⑤. When the alloy liquid flows in the pouring system or cavity, the turbulence is severe and there is too much entrained gas.
(3) Poor exhaust conditions cause:
① The cross-sectional area of the exhaust groove is small or the exhaust groove is blocked by mold release agent dirt, resulting in poor exhaust. Too much gas is involved in the alloy liquid, hindering filling.
② The exhaust groove is not positioned correctly, and the gas blocked in the cavity can’t be discharged, resulting in a large air cushion back pressure on the filled alloy liquid.
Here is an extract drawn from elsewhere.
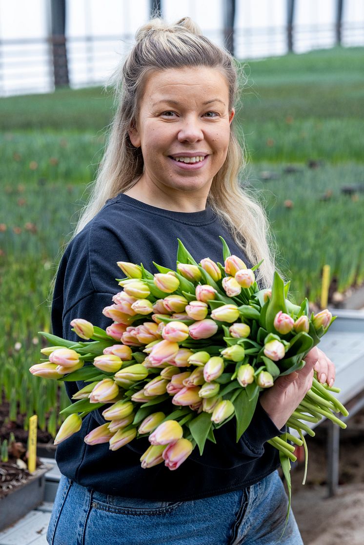 Caroline Nilsson med ett fång tulpaner från Målsta Blommor i Sundsvall

Gas obstruction, cold shut, and undercast parts have smooth surfaces but irregular shapes.
③. It is difficult to set up a drainage system in the area where gas accumulates and exhaust is difficult.
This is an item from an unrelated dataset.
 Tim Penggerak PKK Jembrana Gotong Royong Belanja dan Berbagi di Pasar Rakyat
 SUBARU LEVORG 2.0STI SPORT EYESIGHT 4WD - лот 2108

④. There is too much release agent and punch oil, which has not been dried and burned out.
Improvement measures:
(1) The main measures to improve the fluidity of the alloy are as follows:
① Use the correct smelting process to refine the alloy liquid, purify the gas and non-metallic inclusions contained in the alloy liquid as much as possible, and improve the quality of the alloy liquid; avoid overheating of the alloy liquid, otherwise the alloy liquid will be severely oxidized, with excessive slag inclusions and poor fluidity.
②. Appropriately increase the casting temperature or increase the boost pressure to prolong the time the alloy liquid remains in the high-temperature liquid state and improve the fluidity of the alloy liquid.
③. Increase the injection speed, gate speed and filling flow rate to shorten the filling time.
④. Increase the gate area, increase the high-speed injection speed without increasing the gate speed, and shorten the filling speed appropriately.
Fill in the time;
⑤. Appropriately adjust the injection speed and the gate filling speed to change the flow state of the molten metal filling the cavity.
⑥. Appropriately increase the slow injection speed to reduce the time the alloy liquid stays in the injection chamber.
⑦. Check the high-speed injection stroke and adjust the high-speed starting position according to the surface defect position of the casting.
Rapid Injection stroke to change the flow pattern of molten metal filling the cavity.
⑧. Use quantitative pouring to ensure the thickness of the cake.
⑨. Appropriately increase the mold temperature to prevent the alloy liquid from condensing prematurely and losing fluidity.
(2) The reference scheme for improving the pouring system is as follows:
①. Improve the pouring system and the location of the inner gate as well as the diversion method and flow direction to reduce the collision of the alloy liquid.
For good-shaped castings or large castings, multiple ingates are used to ensure that all parts of the casting can flow in sequence and be filled at the same time.
The filling mode and effect of the deep center cavity first and then the outside. Auxiliary gates can also be opened for direct filling in thin-walled areas.
②In order to eliminate cold shut and increase the injection speed; if there is a sticky gate phenomenon, the cross-sectional area of the gate can be increased.
When the parts allow, the stock runner is used for auxiliary filling.
③ When die casting short planes or castings with right angles, the injection speed should be appropriately reduced and the widest possible inner gate should be used.
(3) Reference directions for improving exhaust conditions:
① It is necessary to increase the overflow groove volume and exhaust groove cross-sectional area to improve the exhaust capacity of the cavity; or change the exhaust groove and overflow groove
The position of the vent should coincide with the point where the metal streams converge. A vent plug can be opened in the deep cavity.
②. Add overflow grooves and exhaust grooves. Deep concave cavities can be vented by using push rod gaps or core gaps.
③. Appropriately select a release agent that produces less oil smoke and water vapor, adjust the ratio or reduce the amount of release agent.